[Records drawn from a dataset]
--- START ---

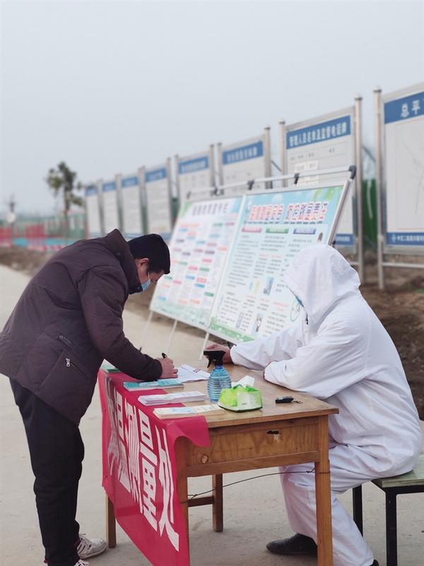 2月下旬,随着周口市疫情防控获得进一步成效,复工复产迫在眉睫。虽然疫情还未退去,但一手抓防控、一手抓复工的责任不敢懈怠。沙颍河项目作为河南省重点工程项目,责无旁贷成为周口市首批复工项目。早在2月初,项目部就编制了《疫情防控暨复工方案》及《疫情防控专项应急预案》,提出“分步、分区”复工总体思路,紧急筹备各项防疫物资。在复工复产申请得以获批后,迅速“点对点”组织人员跑步进场、加大二维码技术智慧防疫、严格落实“测温、消毒、隔离、分餐”等防疫措施,对库存施工材料进行全面盘点,拉单列表式记录,召开模板受疫情影响专题会,制定保供措施,对项目防疫复工安全生产条件逐项自查自纠。前期准备时间短、任务重,在上级领导亲临指挥、各方人员团结协作、施工现场有力把控下,仅用3天时间,沙颍河项目于2月24日下午正式开启子项工程郑埠口复线船闸土方作业施工,率先打响复工复产“第一枪”。中交二航人用实际行动跑出了复工复产“加速度”。
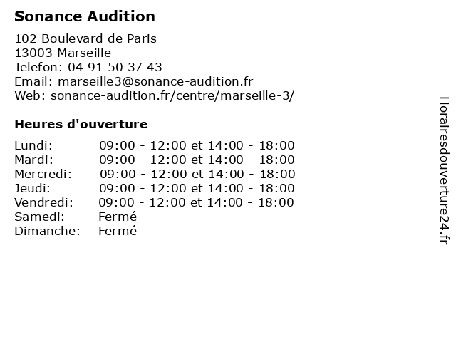 2 Sonance Audition (Distance: 19,31 km) 41 Boulevard Piot, 13360 Roquevaire audioprothésiste, auditif, audition, centre, magasins, sonance 3 Audioprothésiste Krys Audition (Distance: 0,93 km) 61 Rue De La Republique, 13002 Marseille audiologie, audioprothésiste, audition, krys 4 Carré Audition (Distance: 1,37 km) 32 cours Belsunce, 13001 Marseille auditif, audition, carre, carré, centre, santé, soins 5 Audition Conseil (Distance: 1,38 km) 15 Place Cadenat, 13003 Marseille aide auditive, audition, conseil, santé, spécialiste 6 Audioprothésiste Ideal Audition Marseille (Distance: 1,71 km) 16 Place Général de Gaulle, 13001 Marseille audioprothésiste, audition, ideal, marseille |
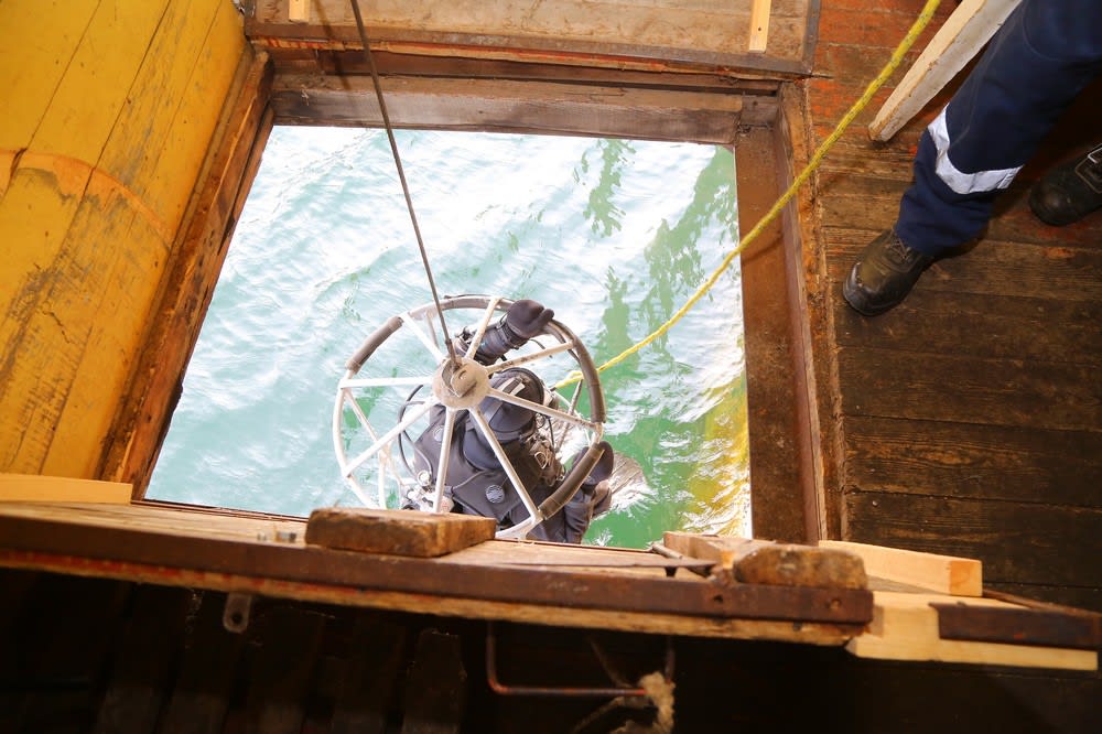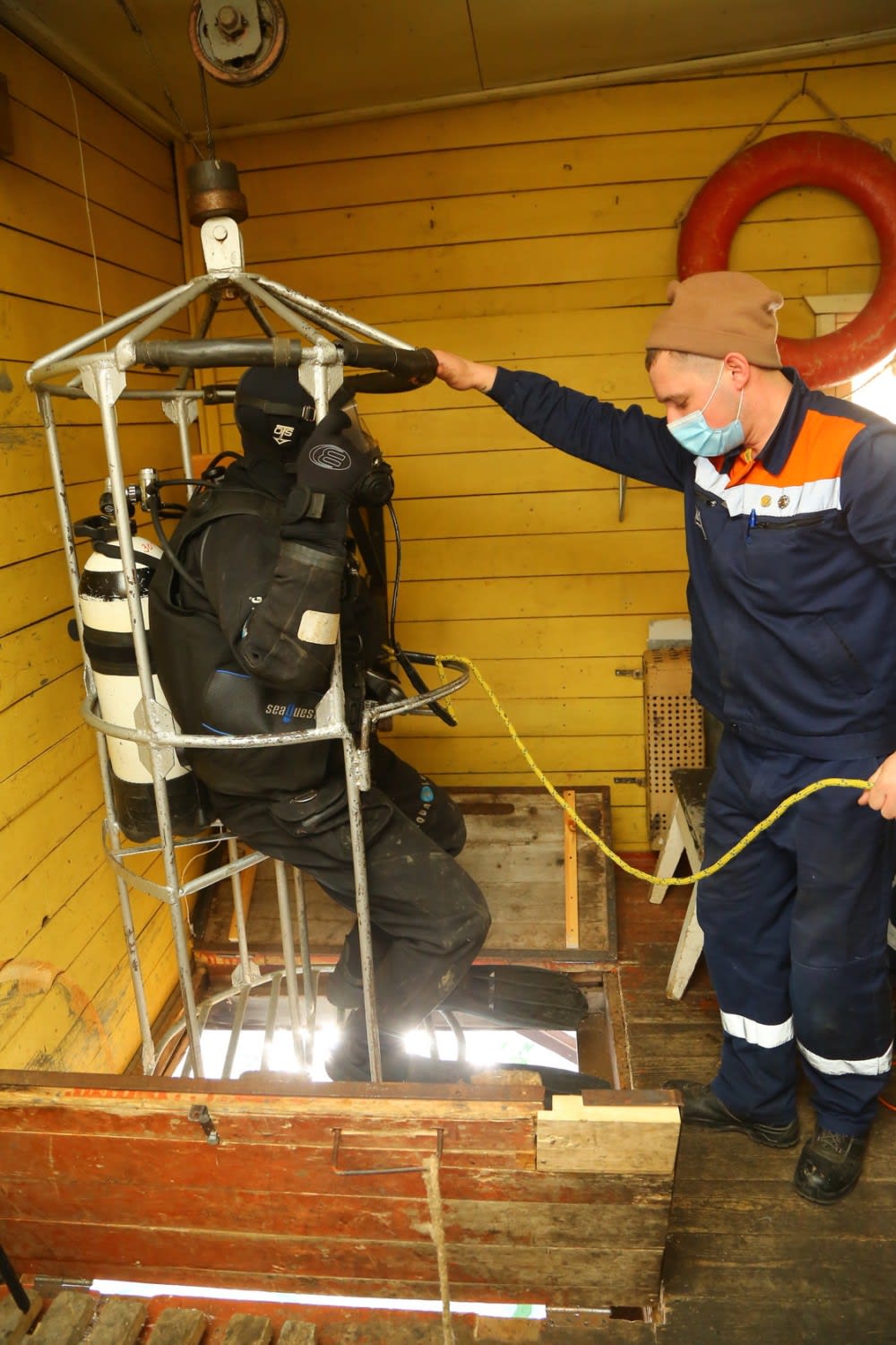 Олега страхует водолаз шестого разряда, старшина водолазной станции Сергей Шальнев. Он пришел в профессию по стопам деда Георгия Шальнева, много лет отработавшего водолазом на Братской ГЭС. Сергей, как и остальные, прошел обучение в Воронежской водолазной школе.
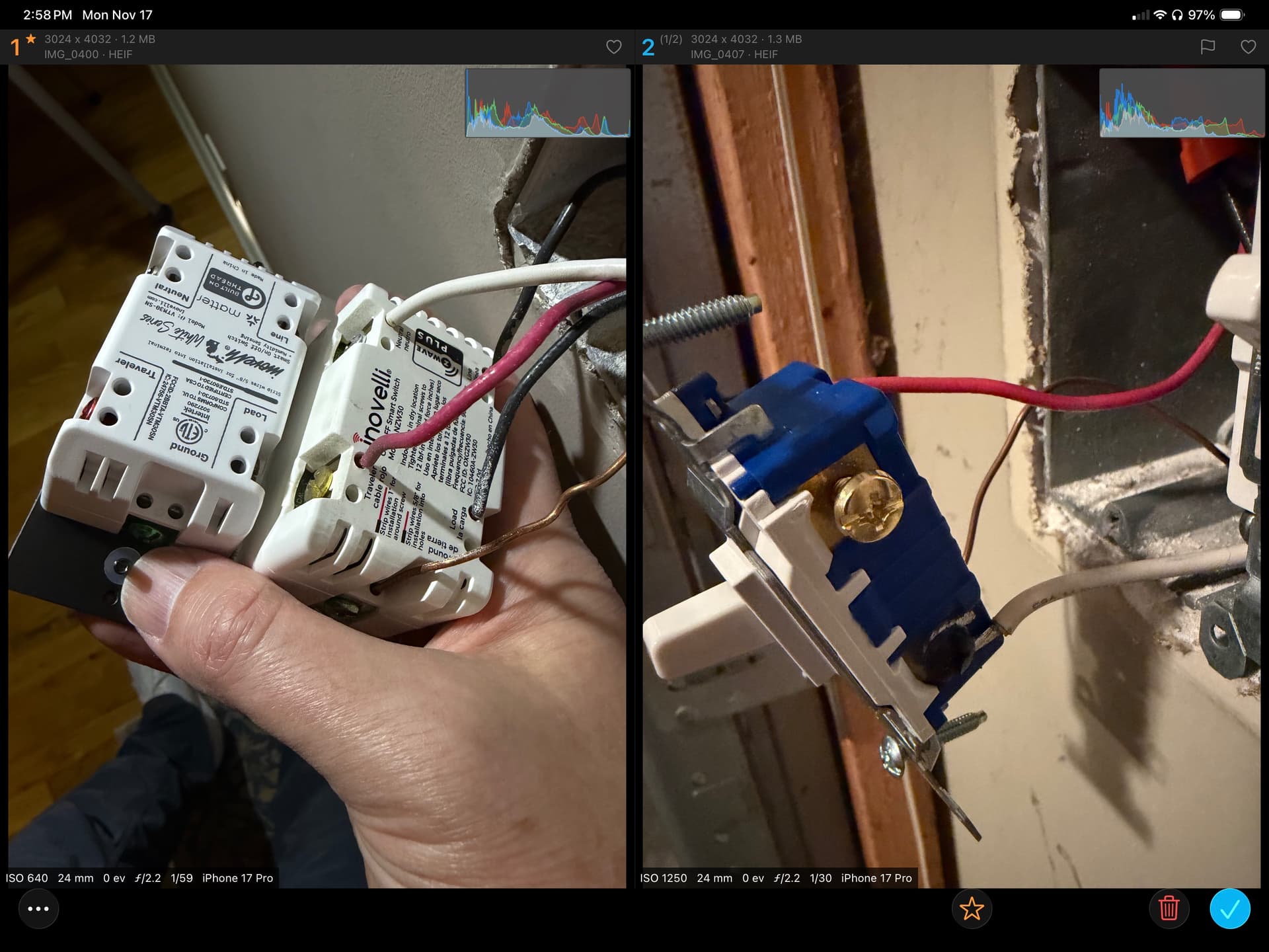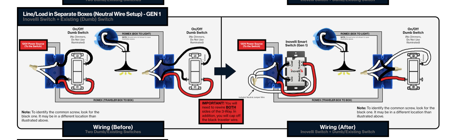 The photos are ones I took while initially installing yesterday, and do not show all of the box wiring. However, it shows the Inovelli swithces side by side to show where I just replaced it. In the dumb switch photo, the black traveller is connected to the load wire by a wire nut.
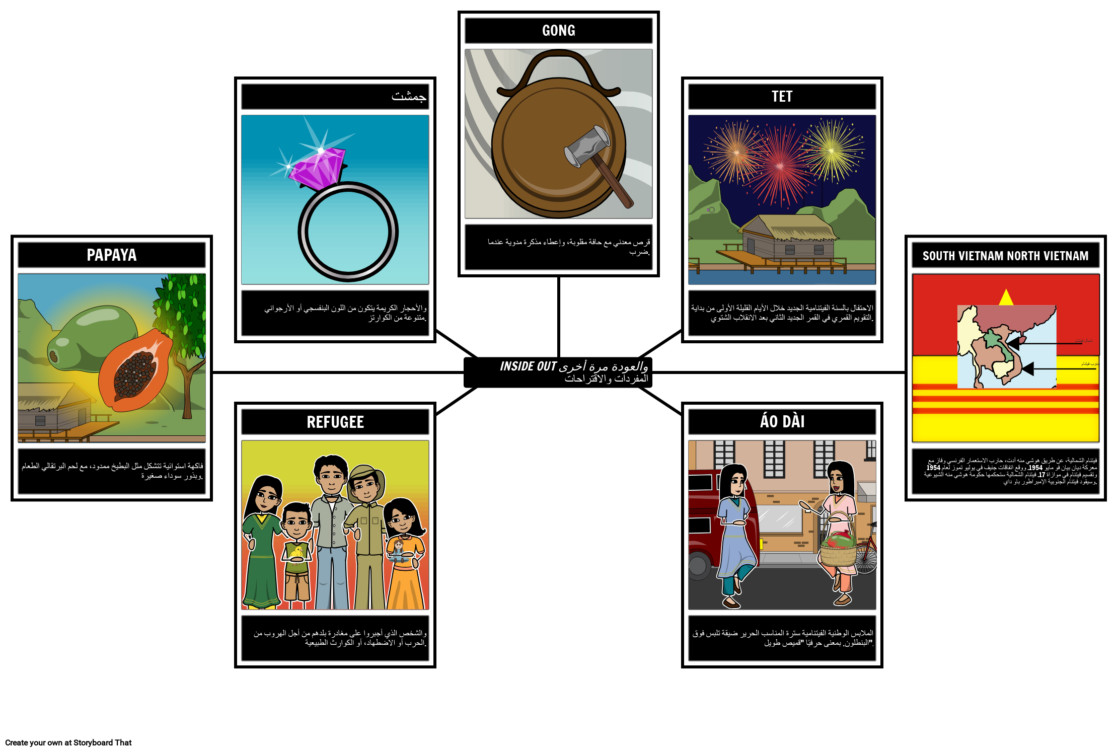 هناك العديد من مصطلحات المفردات والتلميحات الموجودة في رواية Inside Out and Back Again والتي ستكون مفيدة للطلاب لمعاينتها. سيساعد ذلك في الفهم العام للكتاب وفهم الفترة الزمنية. تتميز لوحة العمل هذه بالمصطلحات الأساسية جنبًا إلى جنب مع التعريفات والرسوم التوضيحية.
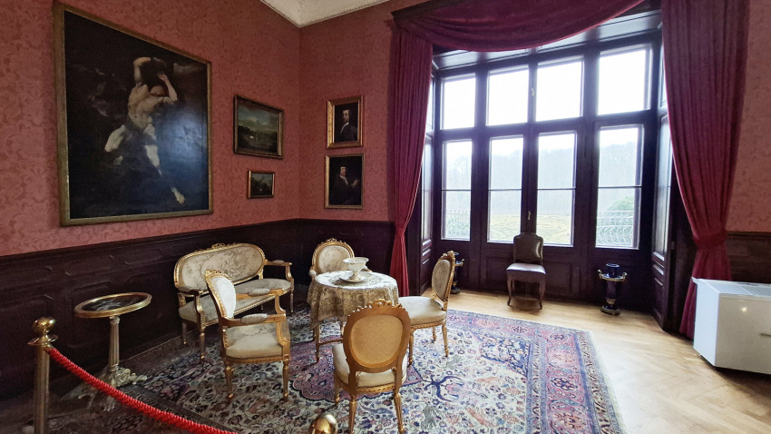 A nagyszalon egykor közösségi tér volt, bálokat, koncerteket és más jeles eseményeket tartottak itt. Az ablakokon kitekintve megpillanthatjuk az úgynevezett hímzéses partert, az épülethez szorosan kapcsolódó kertet. A bukszusok eredetileg legfeljebb tizenöt centiméter magasak voltak, idővel azonban megnőttek, s azóta labirintusnak nevezik az általuk alkotott kertrészt.
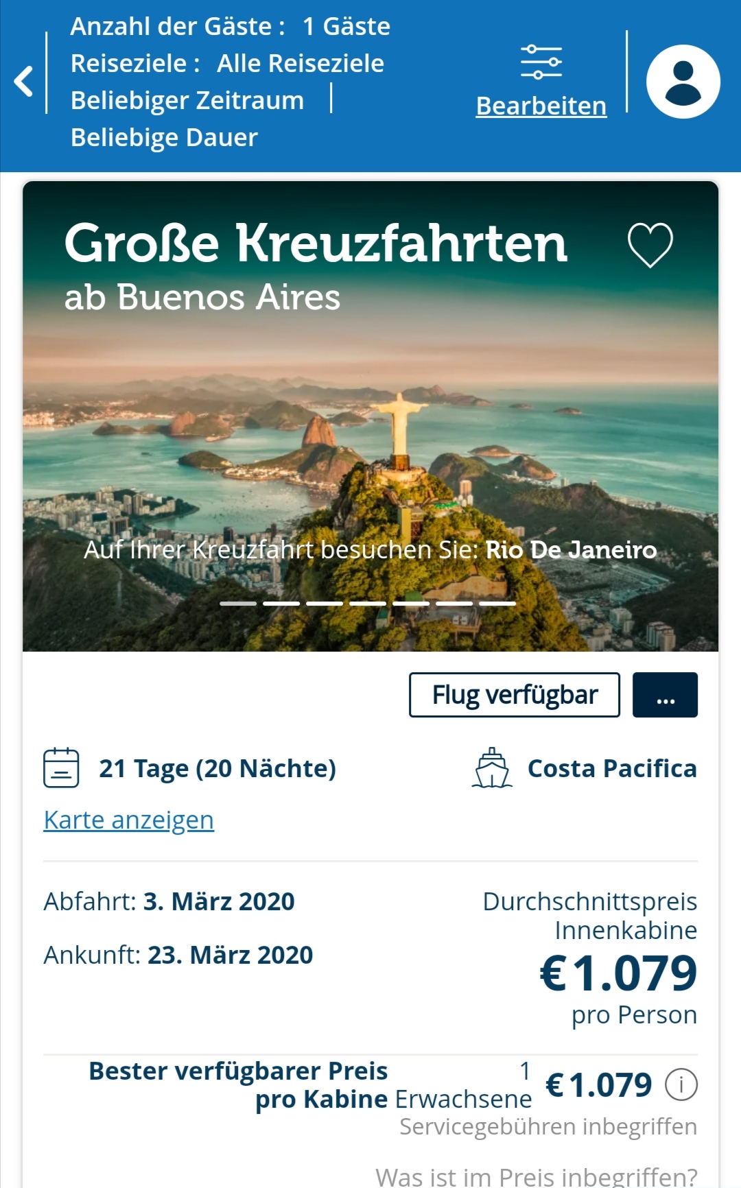 Nein, ich meine den gesamten Kreuzfahrtpreis, ohne An- und Abreise. Das gibt es öfters, dass man als Alleinreisende gar nicht buchen kann, oder nur Premium während die Reise schon im Vario angeboten wird.
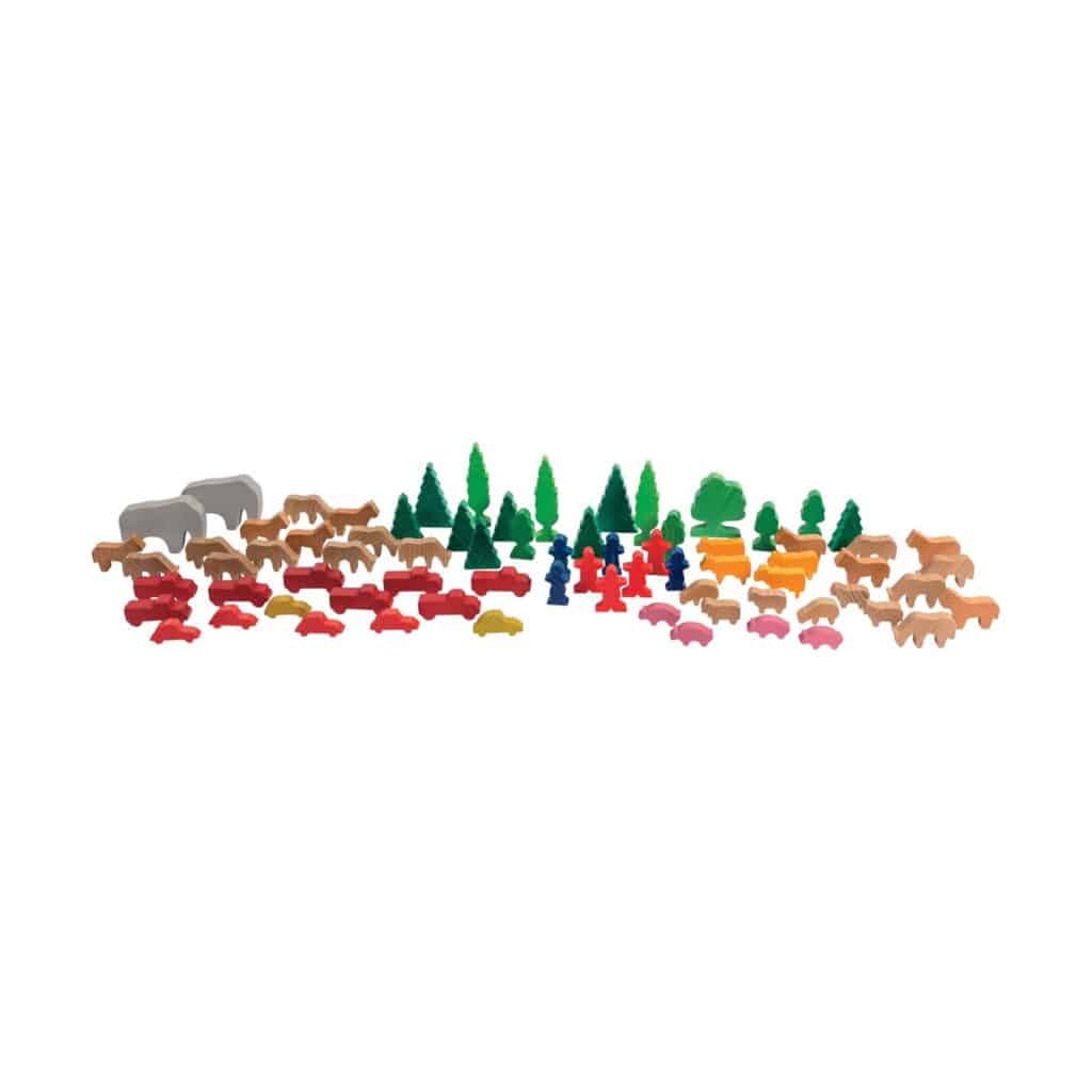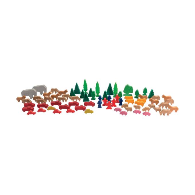 Das Tiere mit Figuren Set von Dusyma ist ein wundervolles Spielzeug-Set, das Kinder dazu einlädt, ihre Kreativität zu entfalten und selbst Geschichten zu gestalten. Die 74 hochwertigen Holzteile sind liebevoll gestaltet und beinhalten eine vielfältige Auswahl an Tieren, Figuren, Bäumen und weiteren Elementen. Die Kombination aus farbig gebeizten und lackierten Oberflächen verleiht den einzelnen Teilen einen harmonischen und ansprechenden Look, der Kinder kreativ inspiriert und sie gleichzeitig sicher spielen lässt.
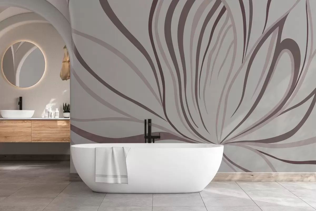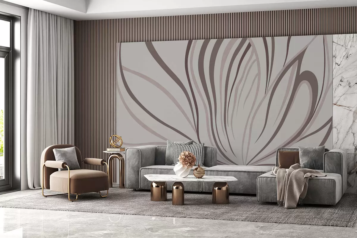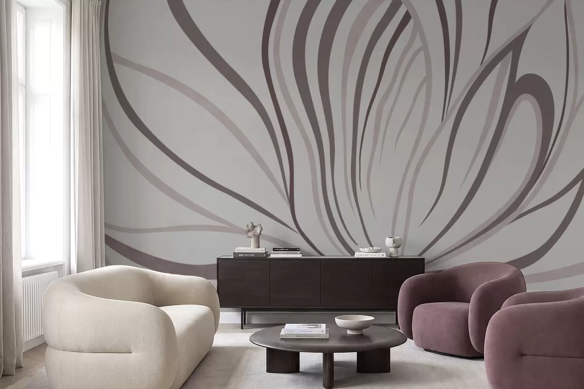 Zidne murale Stilizirani cvijet s mekim linijama u ružičasto-bež tonovima br. w05392v1
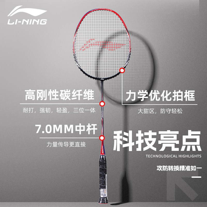【239-官方立减40-50券-淘金币7.17=141.83,叠加消费券到手124】李宁羽毛球拍全碳素高碳超轻耐用型单套装,超赞~
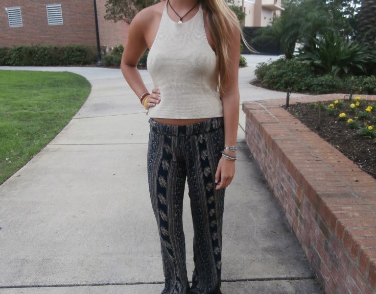 This Fashionista captures the perfect essence of that comfy, beachy vibe that I love in the way she styles her favorite pair of fun pants. The print is nothing too obnoxious so they’re perfect for just a casual dinner on campus, class or even a study date with the cute Fashionisto down the hall. The crochet in the top is also so unique that it balances the calm print of the pants perfectly. Plus, how comfortable does that look? The halter neckline is super trendy right now, especially with the loose choker necklace just grazing the neckline. The stacks of bracelets of all different colors and materials are the perfect accessories, not drawing too much attention away from the pants.

--- END ---

▶ [What is needed]
Only the pictures are to be left out, and all of the data must otherwise be transcribed exactly.

▶ [Answer area]
 2月下旬,随着周口市疫情防控获得进一步成效,复工复产迫在眉睫。虽然疫情还未退去,但一手抓防控、一手抓复工的责任不敢懈怠。沙颍河项目作为河南省重点工程项目,责无旁贷成为周口市首批复工项目。早在2月初,项目部就编制了《疫情防控暨复工方案》及《疫情防控专项应急预案》,提出“分步、分区”复工总体思路,紧急筹备各项防疫物资。在复工复产申请得以获批后,迅速“点对点”组织人员跑步进场、加大二维码技术智慧防疫、严格落实“测温、消毒、隔离、分餐”等防疫措施,对库存施工材料进行全面盘点,拉单列表式记录,召开模板受疫情影响专题会,制定保供措施,对项目防疫复工安全生产条件逐项自查自纠。前期准备时间短、任务重,在上级领导亲临指挥、各方人员团结协作、施工现场有力把控下,仅用3天时间,沙颍河项目于2月24日下午正式开启子项工程郑埠口复线船闸土方作业施工,率先打响复工复产“第一枪”。中交二航人用实际行动跑出了复工复产“加速度”。
 2 Sonance Audition (Distance: 19,31 km) 41 Boulevard Piot, 13360 Roquevaire audioprothésiste, auditif, audition, centre, magasins, sonance 3 Audioprothésiste Krys Audition (Distance: 0,93 km) 61 Rue De La Republique, 13002 Marseille audiologie, audioprothésiste, audition, krys 4 Carré Audition (Distance: 1,37 km) 32 cours Belsunce, 13001 Marseille auditif, audition, carre, carré, centre, santé, soins 5 Audition Conseil (Distance: 1,38 km) 15 Place Cadenat, 13003 Marseille aide auditive, audition, conseil, santé, spécialiste 6 Audioprothésiste Ideal Audition Marseille (Distance: 1,71 km) 16 Place Général de Gaulle, 13001 Marseille audioprothésiste, audition, ideal, marseille |
 Олега страхует водолаз шестого разряда, старшина водолазной станции Сергей Шальнев. Он пришел в профессию по стопам деда Георгия Шальнева, много лет отработавшего водолазом на Братской ГЭС. Сергей, как и остальные, прошел обучение в Воронежской водолазной школе.
 The photos are ones I took while initially installing yesterday, and do not show all of the box wiring. However, it shows the Inovelli swithces side by side to show where I just replaced it. In the dumb switch photo, the black traveller is connected to the load wire by a wire nut.
 هناك العديد من مصطلحات المفردات والتلميحات الموجودة في رواية Inside Out and Back Again والتي ستكون مفيدة للطلاب لمعاينتها. سيساعد ذلك في الفهم العام للكتاب وفهم الفترة الزمنية. تتميز لوحة العمل هذه بالمصطلحات الأساسية جنبًا إلى جنب مع التعريفات والرسوم التوضيحية.
 A nagyszalon egykor közösségi tér volt, bálokat, koncerteket és más jeles eseményeket tartottak itt. Az ablakokon kitekintve megpillanthatjuk az úgynevezett hímzéses partert, az épülethez szorosan kapcsolódó kertet. A bukszusok eredetileg legfeljebb tizenöt centiméter magasak voltak, idővel azonban megnőttek, s azóta labirintusnak nevezik az általuk alkotott kertrészt.
 Nein, ich meine den gesamten Kreuzfahrtpreis, ohne An- und Abreise. Das gibt es öfters, dass man als Alleinreisende gar nicht buchen kann, oder nur Premium während die Reise schon im Vario angeboten wird.
 Das Tiere mit Figuren Set von Dusyma ist ein wundervolles Spielzeug-Set, das Kinder dazu einlädt, ihre Kreativität zu entfalten und selbst Geschichten zu gestalten. Die 74 hochwertigen Holzteile sind liebevoll gestaltet und beinhalten eine vielfältige Auswahl an Tieren, Figuren, Bäumen und weiteren Elementen. Die Kombination aus farbig gebeizten und lackierten Oberflächen verleiht den einzelnen Teilen einen harmonischen und ansprechenden Look, der Kinder kreativ inspiriert und sie gleichzeitig sicher spielen lässt.
 Zidne murale Stilizirani cvijet s mekim linijama u ružičasto-bež tonovima br. w05392v1
【239-官方立减40-50券-淘金币7.17=141.83,叠加消费券到手124】李宁羽毛球拍全碳素高碳超轻耐用型单套装,超赞~
 This Fashionista captures the perfect essence of that comfy, beachy vibe that I love in the way she styles her favorite pair of fun pants. The print is nothing too obnoxious so they’re perfect for just a casual dinner on campus, class or even a study date with the cute Fashionisto down the hall. The crochet in the top is also so unique that it balances the calm print of the pants perfectly. Plus, how comfortable does that look? The halter neckline is super trendy right now, especially with the loose choker necklace just grazing the neckline. The stacks of bracelets of all different colors and materials are the perfect accessories, not drawing too much attention away from the pants.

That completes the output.